# You ought not to praise me.



## half monty

I thought that "You ought not to praise me." would be translated as "Me laudare non debes.", not "Me non laudare debes." However, my textbook prefers the latter. Does this even make any sense? Think about it: you are telling a person that he or she should not do something. Therefore, you have to put the verb "debes" in the negative: "non debes". Then you specify what it is that they should not do: "me laudare".
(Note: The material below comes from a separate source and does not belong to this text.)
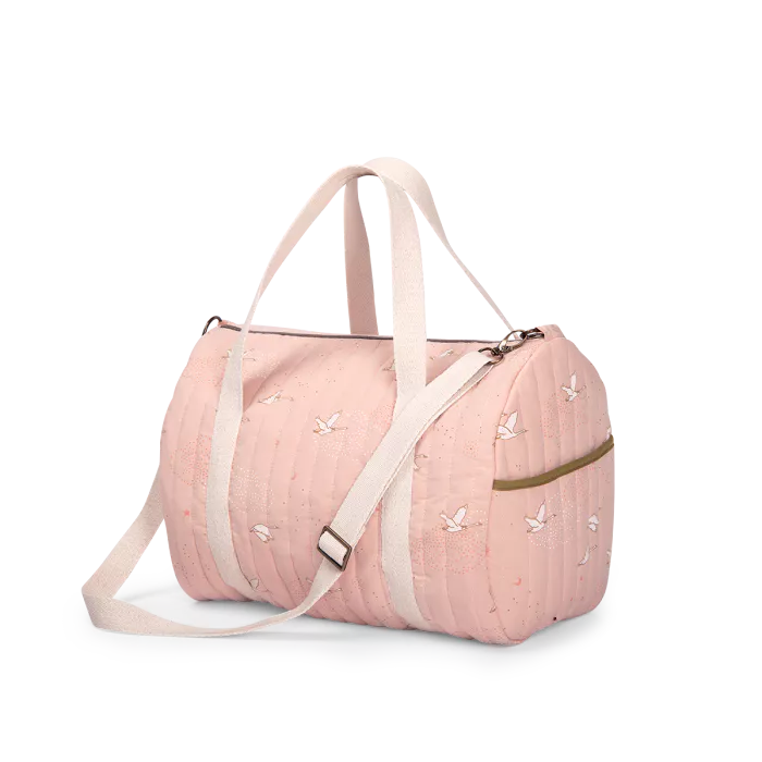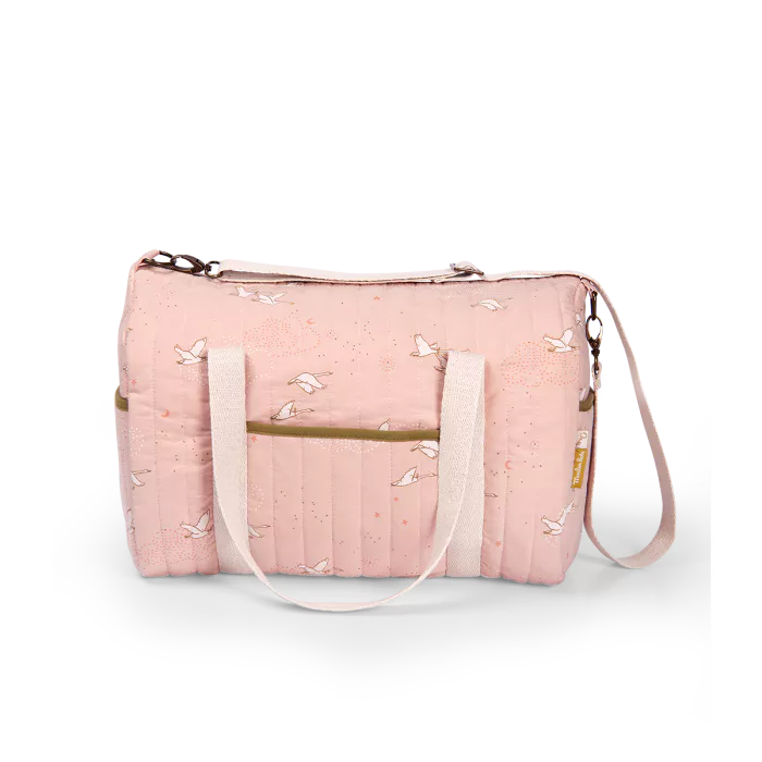 Sac à langer en coton tout doux et déperlant pour ranger le nécessaire de bébé. Fonctionnel et élégant avec son imprimé cygnes, il possède plusieurs poches très pratiques et une bandoulière amovible ! Tissus certifiés OEKO-TEX® (lavage cycle laine). Ce sac à langer peut être brodé au prénom de l’enfant.

me laudare + non debes = me laudare non debes


----------



## wandle

half monty said:


> Me non laudare debes


That word order could be appropriate in a longer sentence, e.g.:

*Me non laudare debes, sed adjuvare*.
You ought to give me help, not praise.


----------



## behramkhan

wandle said:


> That word order could be appropriate in a longer sentence, e.g.:
> 
> *Me non laudare debes, sed adjuvare*.
> You ought to give me help, not praise.



I think that even in a normal sentence there would be nothing wrong with "Me non laudare debes."
It's just as good as "Me laudare non debes." and means exactly the same thing.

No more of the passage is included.